Both Woodward and GE will agree to non-competition obligations relating to designing, developing, certifying, manufacturing, producing, selling, sourcing, servicing and supporting the fuel system requirements on GE’s commercial aircraft engines that fall within the scope of the Joint Venture and will agree to only perform the foregoing activities through the Joint Venture, subject to limited agreed-upon exceptions.

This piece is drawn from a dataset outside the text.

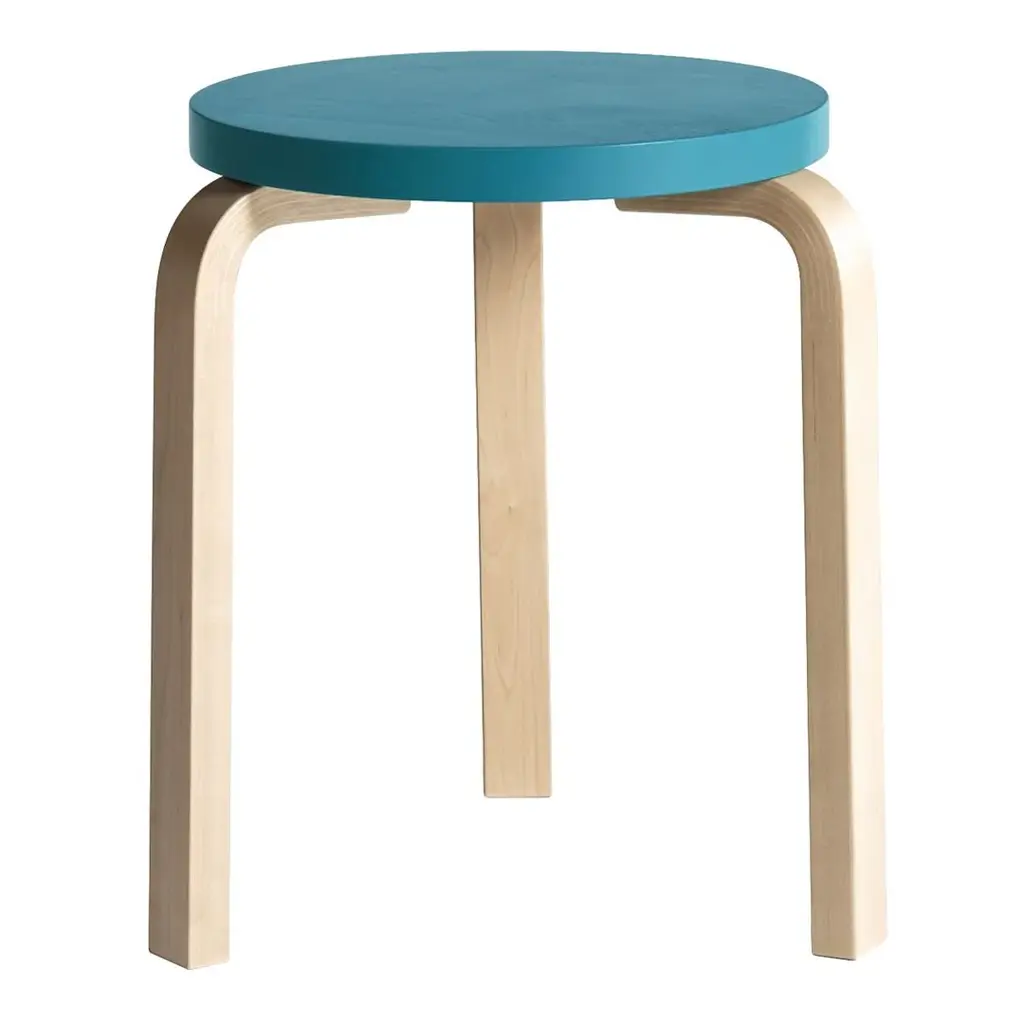 Alvar Aalto's iconic Stool 60 is the most elemental of furniture pieces, equally suitable as a seat, a table, storage unit, or display surface. The legs are mounted directly to the underside of the round seat without the need for complicated connecting elements. Thanks to its geometry, the stool can be stacked to save space in a spiralling tower sculpture. Manufactured in 42 production steps at the A-Factory in Turku, Finland, Stool 60 is available in a wide variety of colors and finishes. Several million units of Stool 60 and its four-legged cousin, Stool E60, have been sold, making it one of the most cherished products in the history of design.

Subject to certain limitations, both GE and Woodward shall be entitled to purchase the other member’s equity in the Joint Venture at fair market value in the event of a bankruptcy of, or certain material breaches by, the other member. Subject to certain limitations, GE will also be entitled to purchase Woodward’s equity in the Joint Venture at fair market value if Woodward undergoes a change of control or if Woodward sells its Aircraft Turbine Systems business unit or its aerospace fuel systems business (any such transaction, a “Woodward Sale”). If either member’s equity in the Joint Venture is so purchased, the selling member will agree to provide the purchasing member with certain transition support services. In addition, Woodward will agree to provide specified supply assurances to GE following any Woodward Sale.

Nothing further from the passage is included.